The complexity of conservative valued CSPs
This is joint work with Stanislav Zivny.
In a valued constraint satisfaction problem (VCSP), a *language* is a fixed set of cost functions over a fixed domain. An *instance* from this language is specified by a sum of cost functions from the language, and the goal is to minimise the sum. Classifying the complexity of such minimisation problems for different languages has been an active research area. While a significant progress has been made for CSPs (i.e. languages containing only {0,∞}-valued functions, or relations), fewer results are known for the more general case of VCSPs. I will talk about our recent work on general valued languages containing all possible unary cost functions.
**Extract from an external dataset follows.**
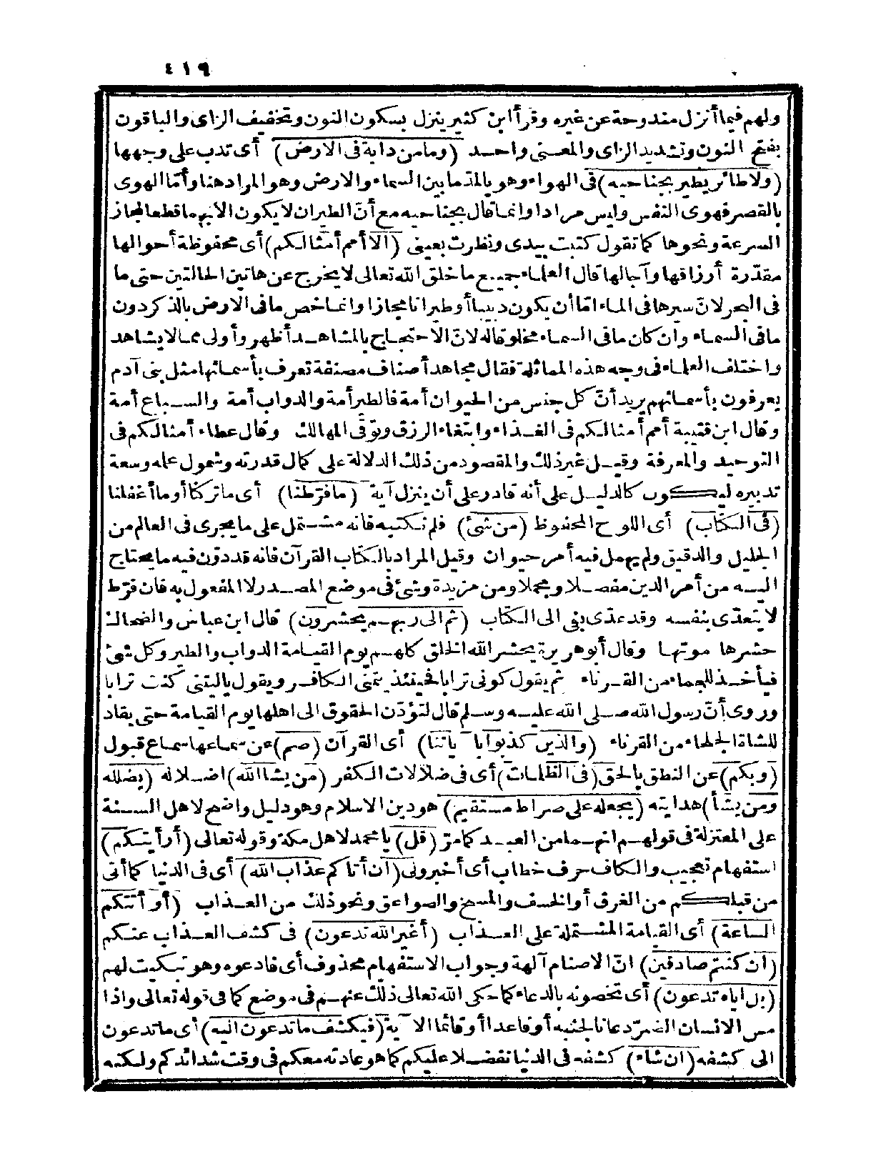 واختلف العلماء في وجه هذه المماثلة فقال مجاهد: أصناف مصنفة تعرف بأسمائها مثل بني آدم يعرفون بأسمائهم يريد أنّ كل جنس من الحيوان أمة فالطير أمة والدواب أمة والسباع أمة وقال ابن قتيبة: أمم أمثالكم في الغذاء وابتغاء الرزق وتوقي المهالك. وقال عطاء: أمثالكم في التوحيد والمعرفة، وقيل غير ذلك، والمقصود من ذلك الدلالة على كمال قدرته وشمول علمه وسعة تدبيره ليكون كالدليل على أنه قادر على أن ينزل آية {ما فرّطنا} أي: ما تركنا أو ما أغفلنا {في الكتاب} أي: اللوح المحفوظ {من شيء} فلم نكتبه فإنه مشتمل على ما يجري في العالم من الجليل والدقيق ولم يهمل فيه أمر حيوان، وقيل: المراد بالكتاب القرآن فإنه قد دوّن فيه ما يحتاج إليه من أمر الدين مفصلاً ومجملاً، ومن مزيدة وشيء في موضع المصدر لا المفعول به فإن فرّط لا يتعدّى بنفسه، وقد عدّي بفي إلى الكتاب {ثم إلى ربهم يحشرون} قال ابن عباس والضحاك: حشرها موتها، وقال أبو هريرة: يحشر الله الخلق كلهم يوم القيامة الدواب والطير وكل شيء فيأخذ للجماء من القرناء، ثم يقول: كوني تراباً فحينئذٍ يتمنى الكافر ويقول: {يا ليتني كنت تراباً} (النبأ، 4) .

We call such languages *conservative*. (This definition differs from the one used in the CSP literature for relations, where a language was called conservative if it contains all possible unary relations.) We prove a Schaefer-style dichotomy theorem for conservative languages: if all functions in the language satisfy a certain condition then the language can be minimized in polynomial time (via a new algorithm that we developed), otherwise it is NP-hard. This is the first complete classification for general-valued constraint languages over nonBoolean domains. Our work generalises previous results obtained by Cohen et al. [AIJ’06], Takhanov [STACS’10], and Deineko et al. [JACM’08]. Moreover, our proofs do not rely on any computer-assisted search as in Deineko et al. [JACM’08].